Don't want lock me up inside






E
u sempre soube que aquele dia chegaria. Não é que eu ficasse agourando ou meu pessimismo extremo me desse essa certeza o tempo todo. Não. É só que eu simplesmente sabia. Pensar que desde o início aquilo estava fadado a desmoronar, a virar apenas uma lembrança dolorida, só me fazia ter certeza do quanto eu era fraca. Enxuguei com raiva a lágrima que acabara de saltar, única, mas que escorreu queimando cada parte do meu rosto; então, aquela era a dor que finalmente viera. Já não adiantava mais pensar que eu deveria ter sido forte, que eu deveria ter deixado meus sentimentos guardados do jeito que estavam. Passei a minha vida toda fazendo isso, porque é que tinha de me dar ao luxo de fazer o contrário justamente quando esse meu ‘talento’ era mais do que necessário?
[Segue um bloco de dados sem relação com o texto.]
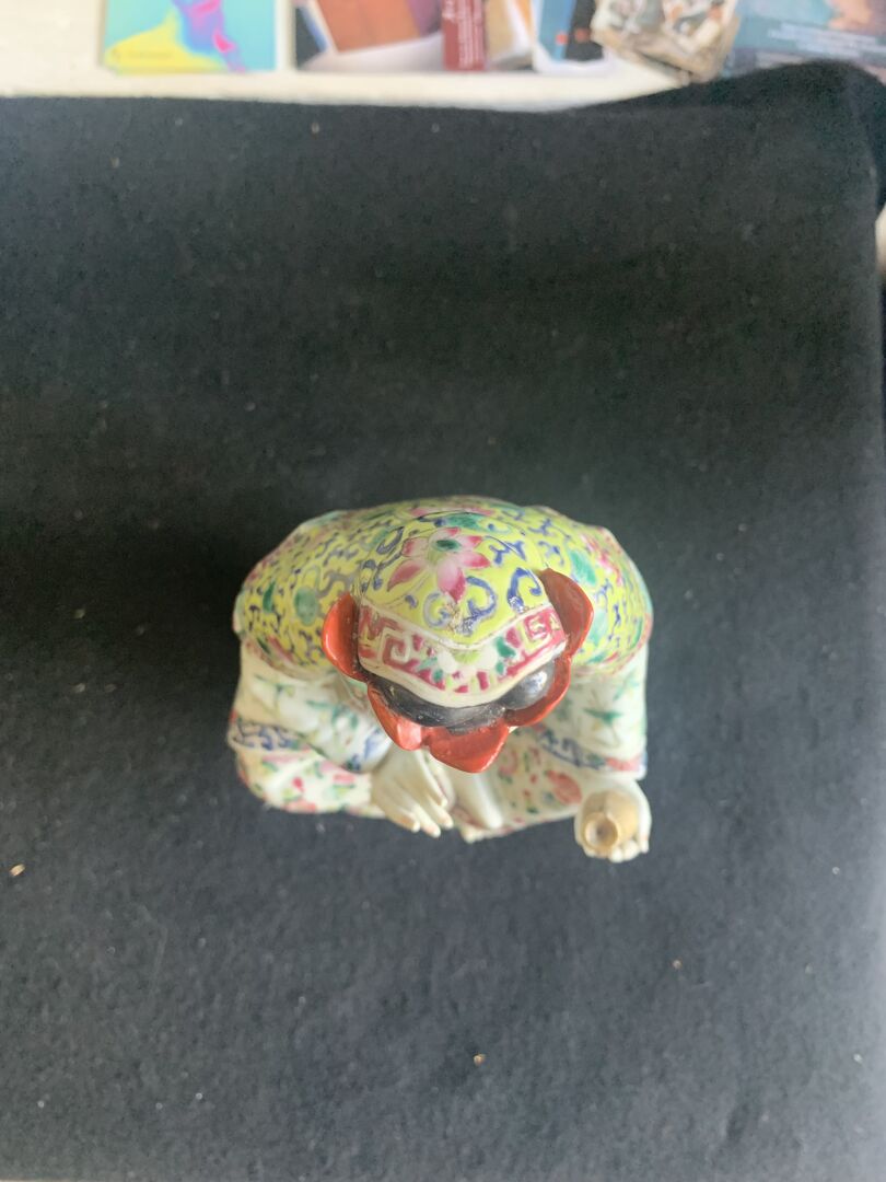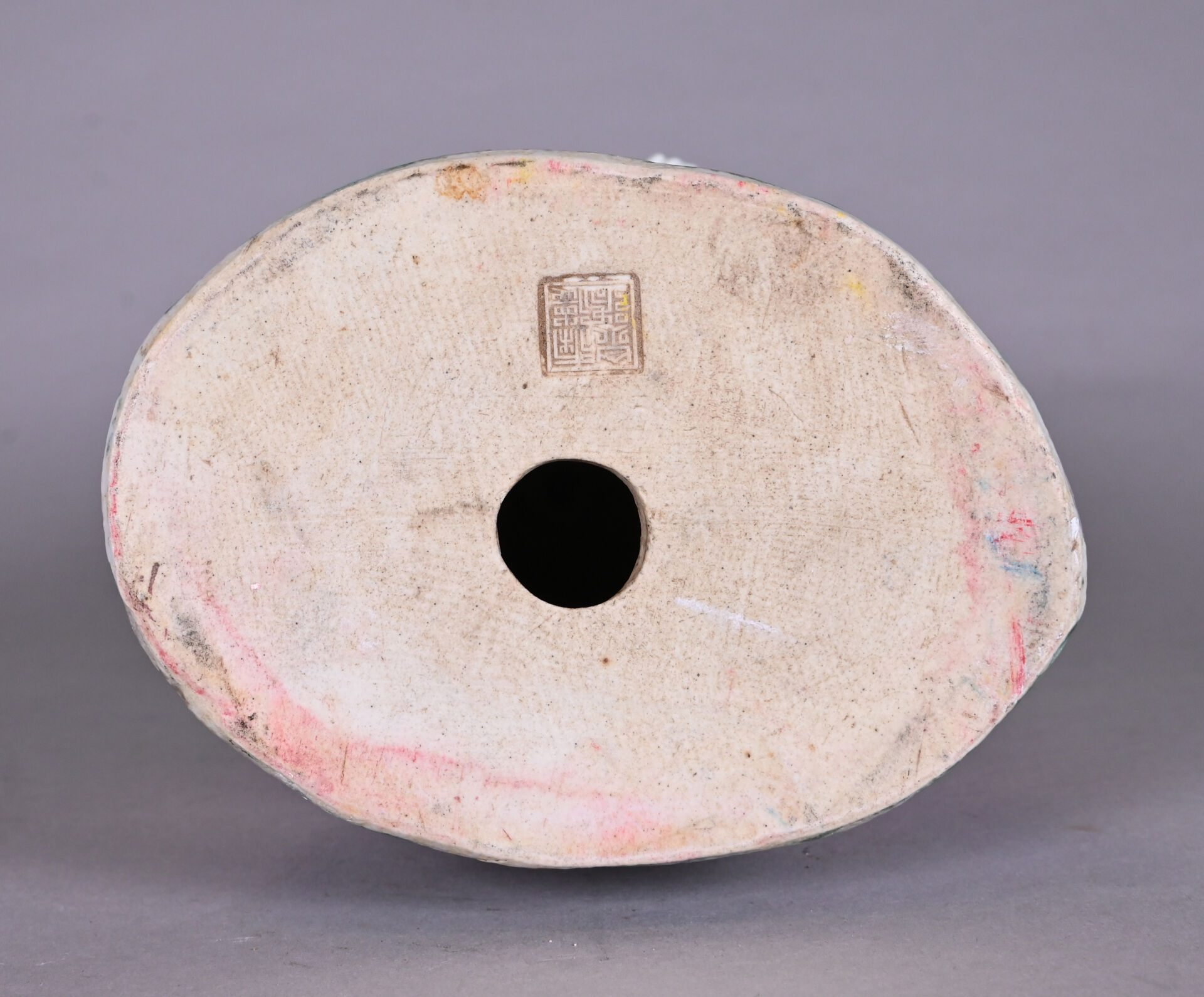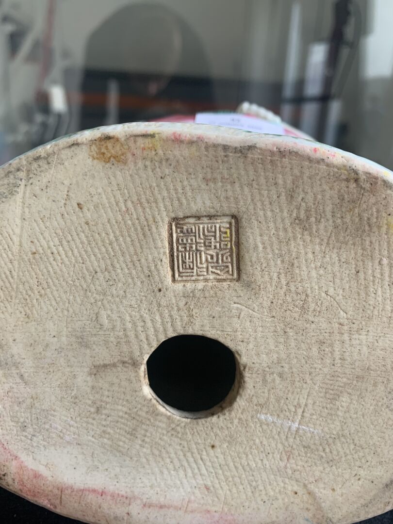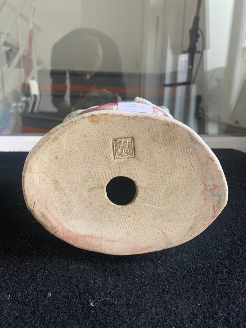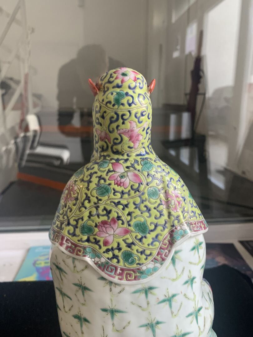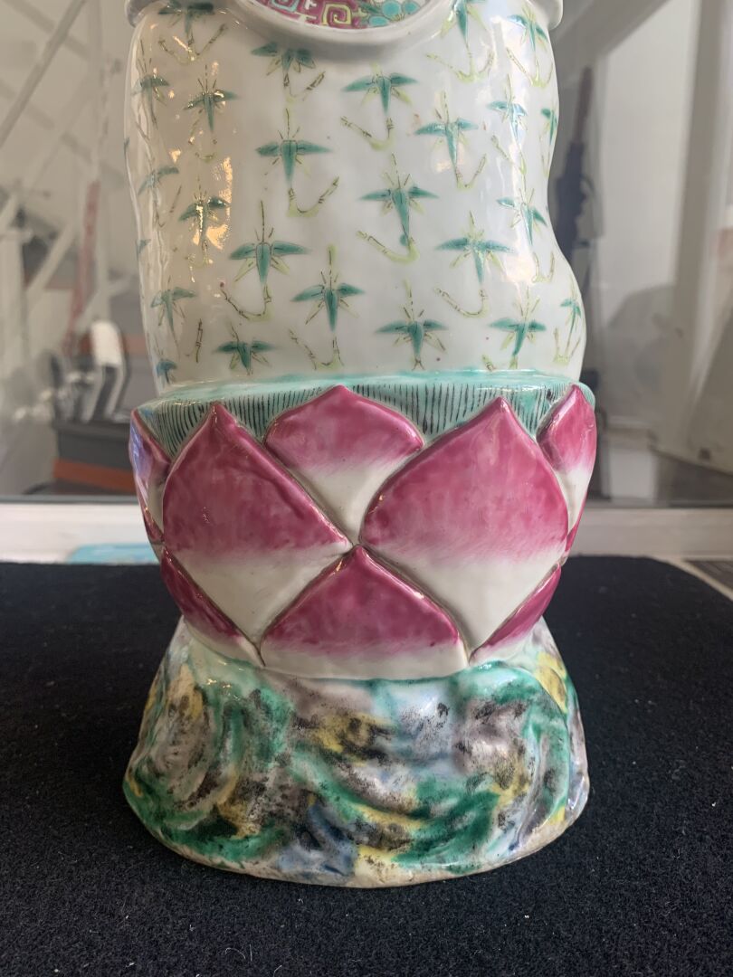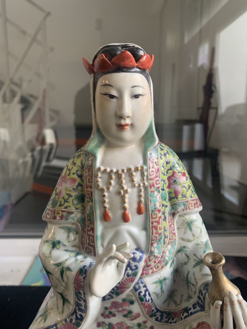 Statuette en porcelaine et émaux de la famille rose, représentant une divinité féminine assise en lalitasana sur un lotus, et tenant un vase à eau lustrale. Socle de bois noirci. Chine, XXe siècle. Haut. : 43 cm.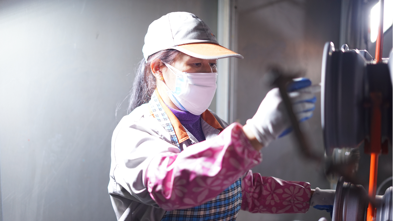 “剛開始進入崗位的時候,還是有些不太適應,只能強迫自己融入團隊,不斷提升自己技能,才能做好這個崗位。我在打磨產品的過程當中,也慢慢發現只有精益求精打磨出來的產品才能夠使下一道工序減少不良的產生,也給其他工序帶來一定的幫助,自己也感到很快樂。特別是在工作時幫助他人不斷提高工作質量,不斷專研打磨技巧,怎么樣用最快捷最方便的打磨技巧打磨產品,感覺到自己的進步,于是慢慢的就喜歡上這份工作?!边@是吳愛芳這份工作的簡單總結。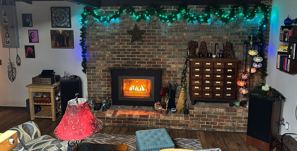 The brick wall was built with the house. It used to have a cast iron fire fireplace that we switched to a cleaner gas insert. Found an old card catalog that I refinished that houses much of my art supplies. A stereo and good speakers for listening to music, and two comfy chairs complete this area.
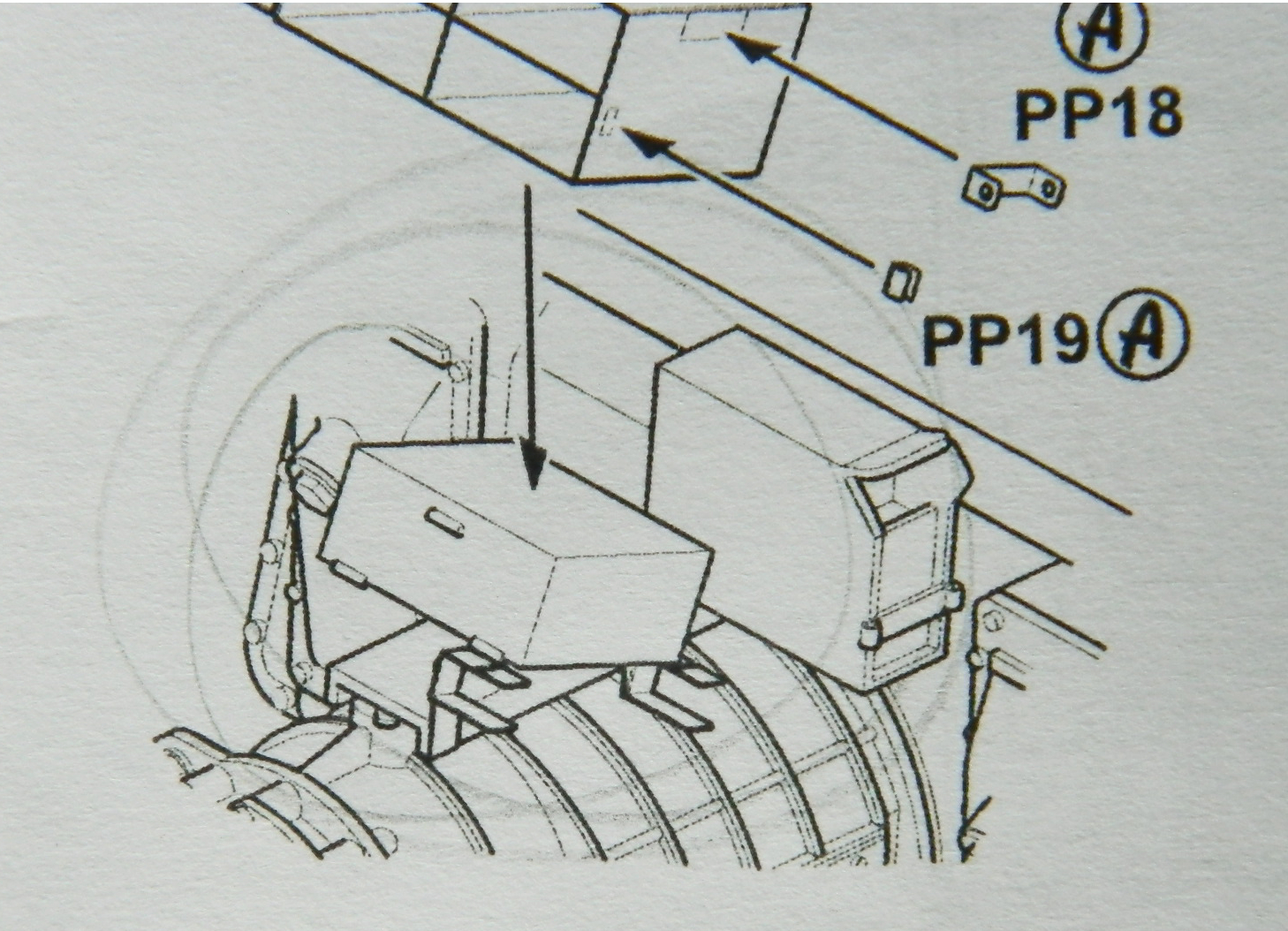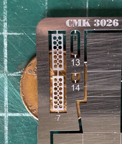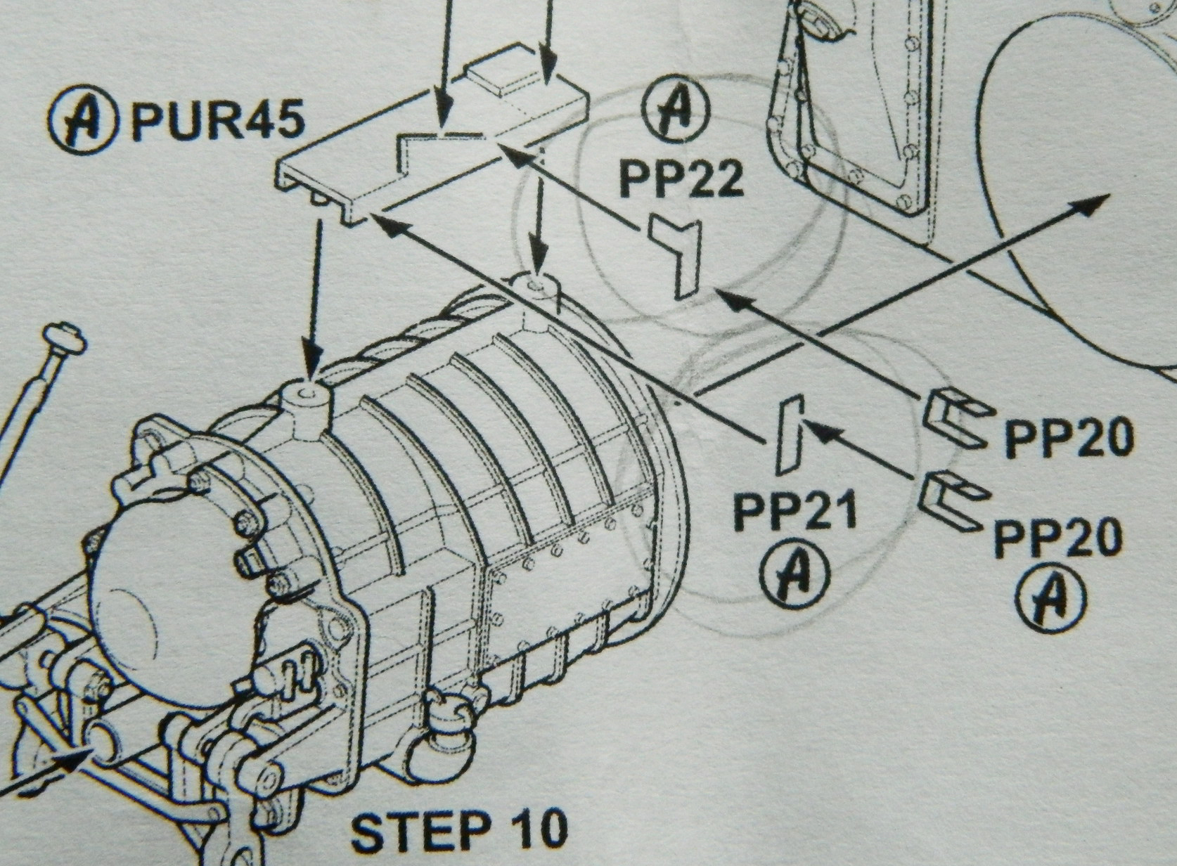 I went back to the transmission and copied some small PE parts using .005″ (.127mm). Simple parts, easy copy, but then I looked at the directions to see where they go. What I found was something a bit less than specific (the parts involved are circled):

Já fazia algum tempo, afinal, mas tudo era nítido em minha memória, nos mínimos detalhes, e eu tinha certeza que jamais esqueceria, nem mesmo os aromas e ‘cores’ daquela época. Um ano e meio atrás, para ser mais exata. Não posso negar que apesar desse tempo ter sido intenso – em um sentido bom – ele fora igualmente longo e complicado. Eu nunca tive problemas com o fato de interessar-me por garotas, não mesmo. O complicado era interessar-me por alguém como ela. Nunca aparentei ser um poço de inteligência, tão pouco simpática e amigável eu era; nunca fiz questão de ter amigos, nem mesmo os que eu mantinha na Sonserina. Pura aparência. Apenas uma vontade insana de mostrar que eu tinha o meu próprio controle. O que não era verdade. A parte de mim que era verdadeira tinha sentimentos demais, coisas com as quais eu achava que não saberia lidar; minha introspecção me fizera uma completa leiga para tratar as pessoas, para falar qualquer coisa que não demonstrasse raiva e hostilidade, o que era um reflexo da minha própria frustração. Não vou dizer que era feliz assim, mas olhando hoje, tudo era relativamente mais fácil. Quando você tem de se preocupar só em continuar envolta pela ‘bolha’ e nada mais, é realmente fácil.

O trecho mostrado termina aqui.